┌─ Records shown
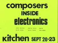 David Tudor was an American pianist and composer. He trained in classical piano and remains well known as the performer of pieces by composers such as John Cage, Morton Feldman, and LaMonte Young. He was an instructor and the pianist-in-residence at the Black Mountain College summer sessions from 1951-1953. In 1952, following time spent with Cage at Black Mountain, he famously performed the premiere of Cage’s 4’33, and went on to perform with the Merce Cunningham Dance Company from its inception in 1953 for over 40 years. Melding his work with composers, particularly Cage, who probed possibilities for the instantiation of experimental musical notations in a live piece with his longstanding interest in technology, Tudor’s own compositions often feature scores that call for electronic circuitry and are realizable in manifold ways. His paradigmatic composition Rainforest (later known as Rainforest IV), calls for multiple performers to run sound through resonant objects. In 1973 he formed the group Composers Inside Electronics, who perform the piece to this day, including most recently a version of Rainforest IV in 2007 at The Kitchen. Tudor performed Rainforest at The Kitchen in 1975, as well as a piece called Pulsers with Composers Inside Electronics in 1978, and Tables of Electronics as part of The Kitchen’s “Imaginary Landscapes: Festival of Electronic Music” in 1988. For more information, please visit: www.davidtudor.org
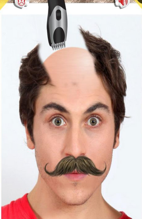 秃头在几秒钟!抓拍照片,并用你的手指作为一个剃刀剃秃自己!
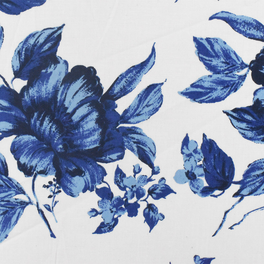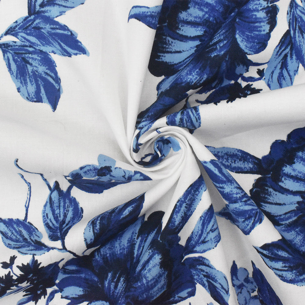 Blue-White-Multi Floral Border Printed Stretch Cotton Poplin Woven Fabric
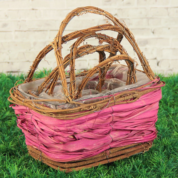 Набор корзин плетёных, ротанг, 12,5x8x17/16,5x11x20/21x14x26, 3 шт, фиолетовый
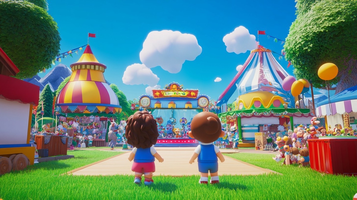 Создано на основе запроса: a trivia videogame gameplay on playstation 5, the game is 2D, two characters on a stage, left and right, cute playful puffles, carnival theme, outdoors, blue sky, grass, there are people in audience, with UI and HUD, in pixar style --- Автоперевод: Игровой видеоигры на PlayStation 5, игра - 2D, два персонажа на сцене, слева и справа, милые игривые пуховики, тема карнавала, на открытом воздухе, голубое небо, трава, есть люди в аудитории, с пользовательским интерфейсом и hud, в стиле Pixar Красиво вышло? 🤔 https://dzen.ru/id/65c0c65c86e4f837c27b24d7 #ИИ #AI #нейросеть #midjourney #art
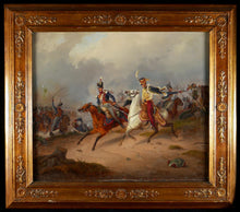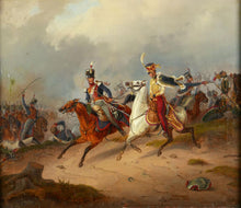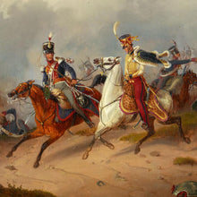 The present battle scene depicts the capture of a French Aide-de-Camp at the Battle of Waterloo by a Trumpeter Louis Zeitz of the 2nd Light Dragoons of the King’s German Legion. Identifiable from the crimson regimental facings, Roman numeral II on the shrabraque, and trumpet slung across the protagonist’s back, the scene is a direct visualisation of the act of gallantry cited by Trumpeter Zeitz’s commanding officer in 1819 for the award of the Guelphic Medal for Bravery.
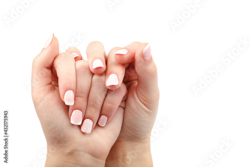 hand, manicure, isolated, finger, beauty, caucasian, white, female, young, beautiful, nail, skin, girl, background, care, palm, woman, healthy, treatment, fingernail, body, human, clean, thumb, cosmetic, spa, wrist, french, closeup, closeup, elegance, polish, fashion, glamour, person, concept, natural, purity, arm, health, gesticulate, youth, adult, woman, femininity, people, salon, skincare, design
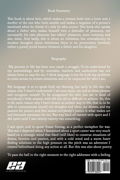 This book is about love, which makes a woman both into a lover and a mother of the one who feels outside and makes a negation of a person's manhood when he thinks it's only he who counts. This book also speaks about a father who makes himself into a defender of pleasures, not necessarily his own pleasures but others' pleasures, most certainly, and also mine. And lastly, this is about an initiation. Contradictory to modern thoughts about initiations this is a purely joyful humor between a father and his daughter.
└─
**What is being asked**
The images are to be left out while the entries are written out exactly.

**Solution to this problem**
 David Tudor was an American pianist and composer. He trained in classical piano and remains well known as the performer of pieces by composers such as John Cage, Morton Feldman, and LaMonte Young. He was an instructor and the pianist-in-residence at the Black Mountain College summer sessions from 1951-1953. In 1952, following time spent with Cage at Black Mountain, he famously performed the premiere of Cage’s 4’33, and went on to perform with the Merce Cunningham Dance Company from its inception in 1953 for over 40 years. Melding his work with composers, particularly Cage, who probed possibilities for the instantiation of experimental musical notations in a live piece with his longstanding interest in technology, Tudor’s own compositions often feature scores that call for electronic circuitry and are realizable in manifold ways. His paradigmatic composition Rainforest (later known as Rainforest IV), calls for multiple performers to run sound through resonant objects. In 1973 he formed the group Composers Inside Electronics, who perform the piece to this day, including most recently a version of Rainforest IV in 2007 at The Kitchen. Tudor performed Rainforest at The Kitchen in 1975, as well as a piece called Pulsers with Composers Inside Electronics in 1978, and Tables of Electronics as part of The Kitchen’s “Imaginary Landscapes: Festival of Electronic Music” in 1988. For more information, please visit: www.davidtudor.org
 秃头在几秒钟!抓拍照片,并用你的手指作为一个剃刀剃秃自己!
 Blue-White-Multi Floral Border Printed Stretch Cotton Poplin Woven Fabric
 Набор корзин плетёных, ротанг, 12,5x8x17/16,5x11x20/21x14x26, 3 шт, фиолетовый
 Создано на основе запроса: a trivia videogame gameplay on playstation 5, the game is 2D, two characters on a stage, left and right, cute playful puffles, carnival theme, outdoors, blue sky, grass, there are people in audience, with UI and HUD, in pixar style --- Автоперевод: Игровой видеоигры на PlayStation 5, игра - 2D, два персонажа на сцене, слева и справа, милые игривые пуховики, тема карнавала, на открытом воздухе, голубое небо, трава, есть люди в аудитории, с пользовательским интерфейсом и hud, в стиле Pixar Красиво вышло? 🤔 https://dzen.ru/id/65c0c65c86e4f837c27b24d7 #ИИ #AI #нейросеть #midjourney #art
 The present battle scene depicts the capture of a French Aide-de-Camp at the Battle of Waterloo by a Trumpeter Louis Zeitz of the 2nd Light Dragoons of the King’s German Legion. Identifiable from the crimson regimental facings, Roman numeral II on the shrabraque, and trumpet slung across the protagonist’s back, the scene is a direct visualisation of the act of gallantry cited by Trumpeter Zeitz’s commanding officer in 1819 for the award of the Guelphic Medal for Bravery.
 hand, manicure, isolated, finger, beauty, caucasian, white, female, young, beautiful, nail, skin, girl, background, care, palm, woman, healthy, treatment, fingernail, body, human, clean, thumb, cosmetic, spa, wrist, french, closeup, closeup, elegance, polish, fashion, glamour, person, concept, natural, purity, arm, health, gesticulate, youth, adult, woman, femininity, people, salon, skincare, design
 This book is about love, which makes a woman both into a lover and a mother of the one who feels outside and makes a negation of a person's manhood when he thinks it's only he who counts. This book also speaks about a father who makes himself into a defender of pleasures, not necessarily his own pleasures but others' pleasures, most certainly, and also mine. And lastly, this is about an initiation. Contradictory to modern thoughts about initiations this is a purely joyful humor between a father and his daughter.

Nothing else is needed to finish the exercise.